Top of GIVEN RECORDS

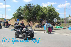 Dimanche 22 juin 2014 : Le réveil est de plus en plus dur avec le peu de nuit que l’on a pendant ce HELLFEST 2014 ! mais bon, si on veut avoir une chance de se garer pas trop loin, on doit impérativement se lever tôt, sinon le peu de places restantes sera pris et ce sera alors encore bien plus long pour rentrer après les concerts… Incroyable de voir une telle quantité de véhicules ! Ils sont garés partout, dans toutes les rues de la ville, sur une partie du parking du centre Leclerc, de McDo,… personne n’y échappe !
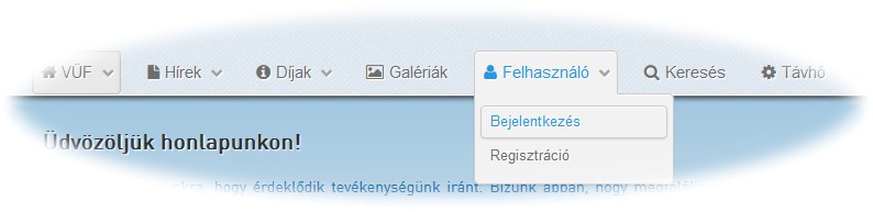 A Bejelentkezés a régi modul-elrendezés helyett a felső menüben a Felhasználó menüpontból érhető el.
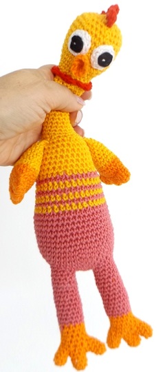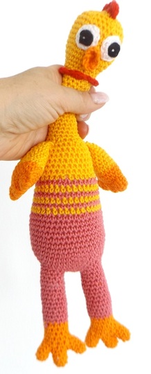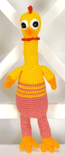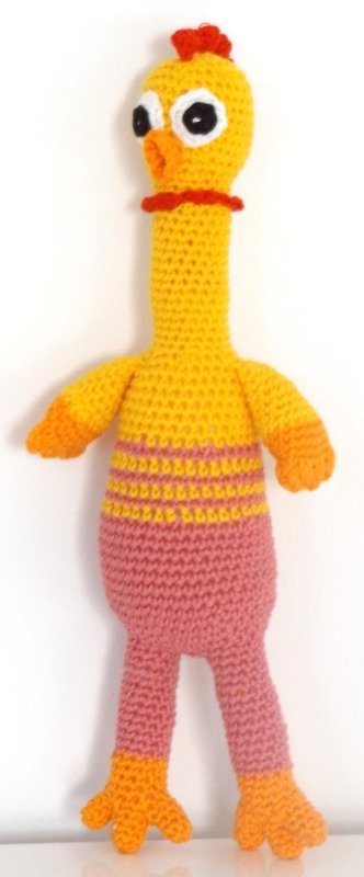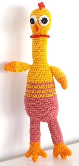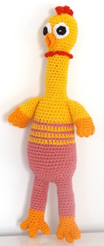 Die lustige Henne ist aus reiner Baumwolle gehäkelt und sicher auch in anderen Farben lustig.
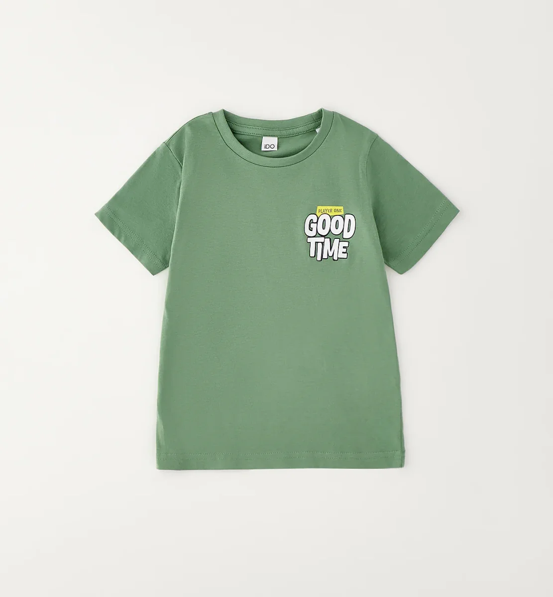 t-shirt manica corta bambino verde salvia con stampa lettering โ t-shirt in morbido cotone dalla vestibilitร comoda, caratterizzata da girocollo classico e maniche corte ideali per la stagione piรน calda. il design รจ impreziosito da stampa grafica frontale e maxi stampa posteriore โitโs always a good time to playโ con dettagli a contrasto che donano un tocco vivace e dinamico. perfetta da abbinare a bermuda, jeans o jogger per creare look casual e sportivi adatti alla scuola e al tempo libero.
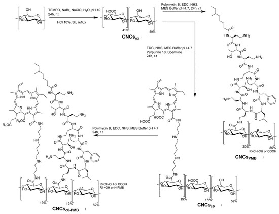 Synthetic route to cellulose nanocrystals CNCsc6-PMB coated with chlorin-e6 and polymyxin B and to cellulose nanocrystals CNCsPMB just coated with polymyxin B. Reprinted with permission from Ref. [67]. 2017, The Royal Society of Chemistry.
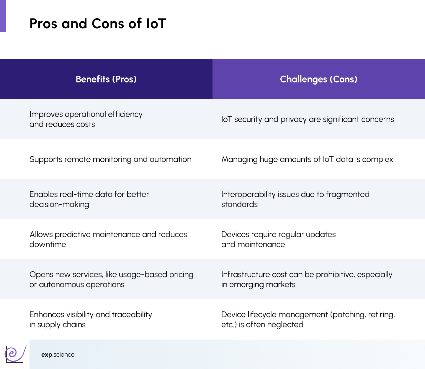 IoT brings strong advantages across industries, from reducing downtime to unlocking new services and improving visibility. Real-time data collection enables predictive maintenance, while automation cuts manual effort and boosts precision. However, challenges remain: devices must be secured, standards need alignment, and data overload can strain infrastructure. Overcoming these hurdles is essential to scale IoT in a secure, sustainable and efficient way.
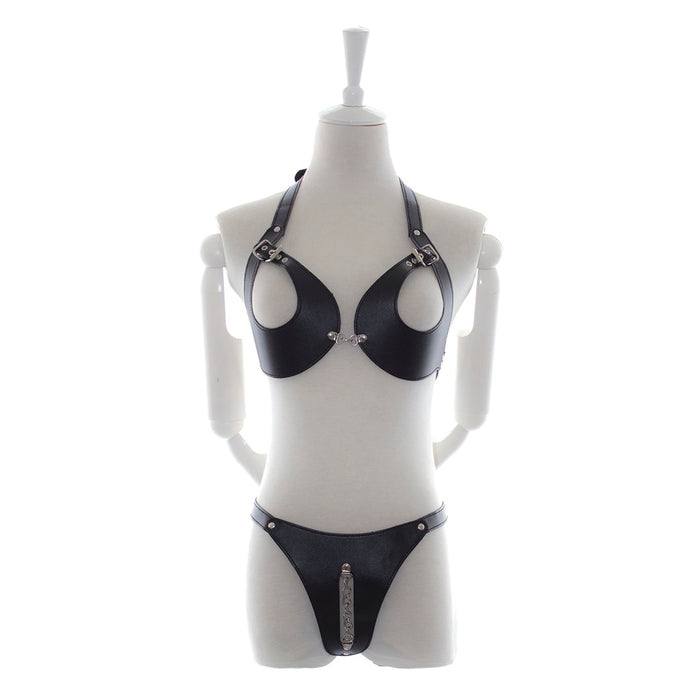 Fixxx - Fetish BH en Slipje met Open Kruis - Nr. 2 - PU-Leer - One Size - Zwart
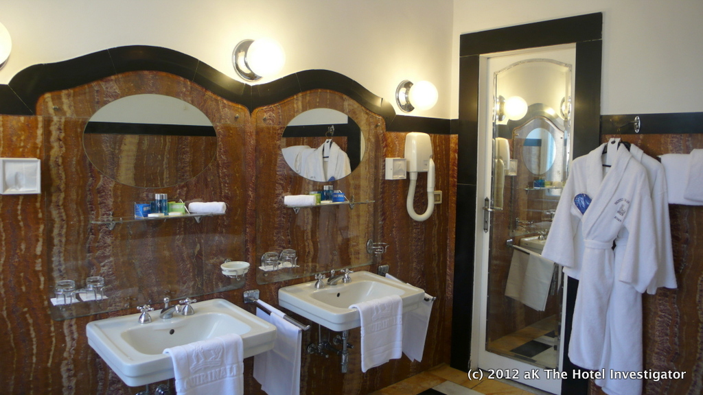 While most bathrooms of the ‘Quirinale’ have been unfortunately modernized with plain white tiles, a small number still feature their original furnishings that date back to the 1920s. Part of the hotel’s most prestigious suite, this exceptionally luxurious bathroom is a marvel and unique within the hotel.
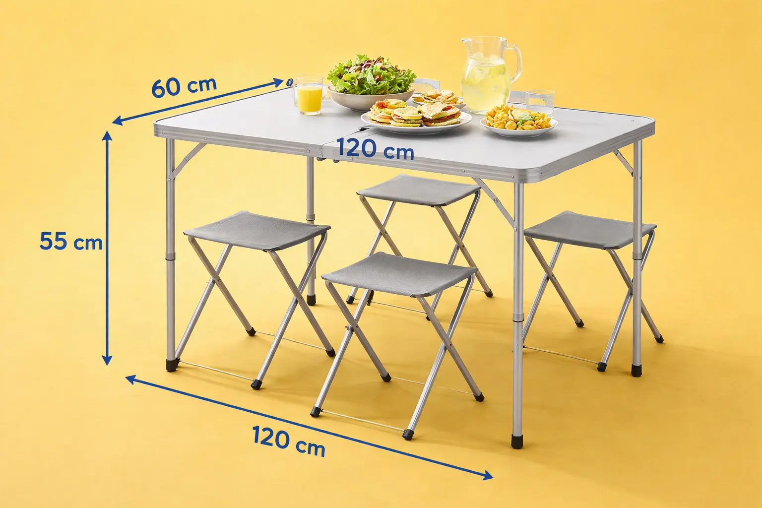 Disfrutá tus salidas al aire libre con esta mesa plegable de camping con bancos, pensada para quienes buscan una solución práctica, cómoda y fácil de transportar.
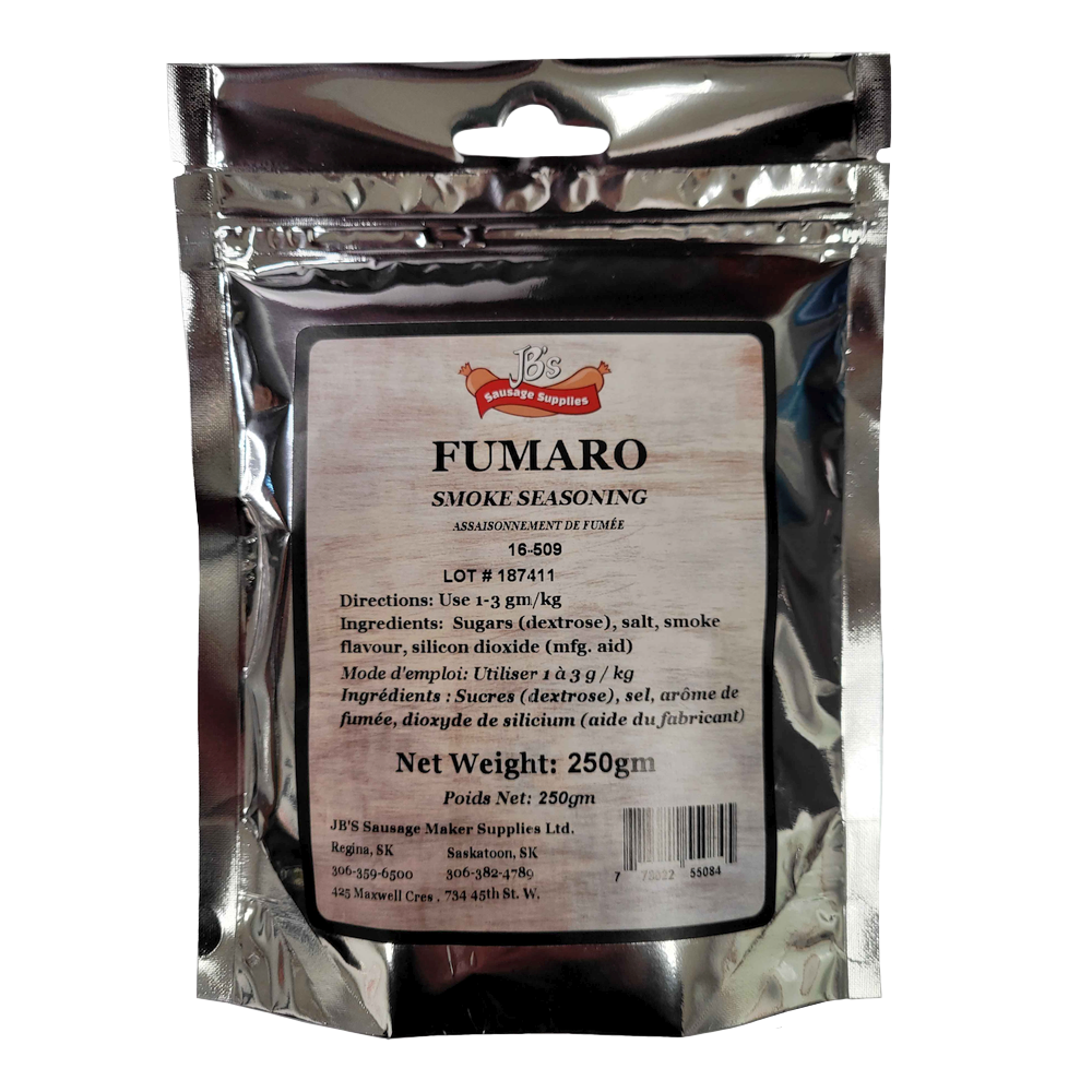 Fumaro smoke seasoning is a precise combination of natural smoke flavor extracted onto dextrose and salt as a carrier, providing a rich hickory taste.

Bottom of GIVEN RECORDS

TASK TO COMPLETE —
From the line containing "Disfrutá tus salidas" to the final line above, both included, transcribe every line exactly and leave all pictures out.

SOLUTION TO THIS TASK —
 Disfrutá tus salidas al aire libre con esta mesa plegable de camping con bancos, pensada para quienes buscan una solución práctica, cómoda y fácil de transportar.
 Fumaro smoke seasoning is a precise combination of natural smoke flavor extracted onto dextrose and salt as a carrier, providing a rich hickory taste.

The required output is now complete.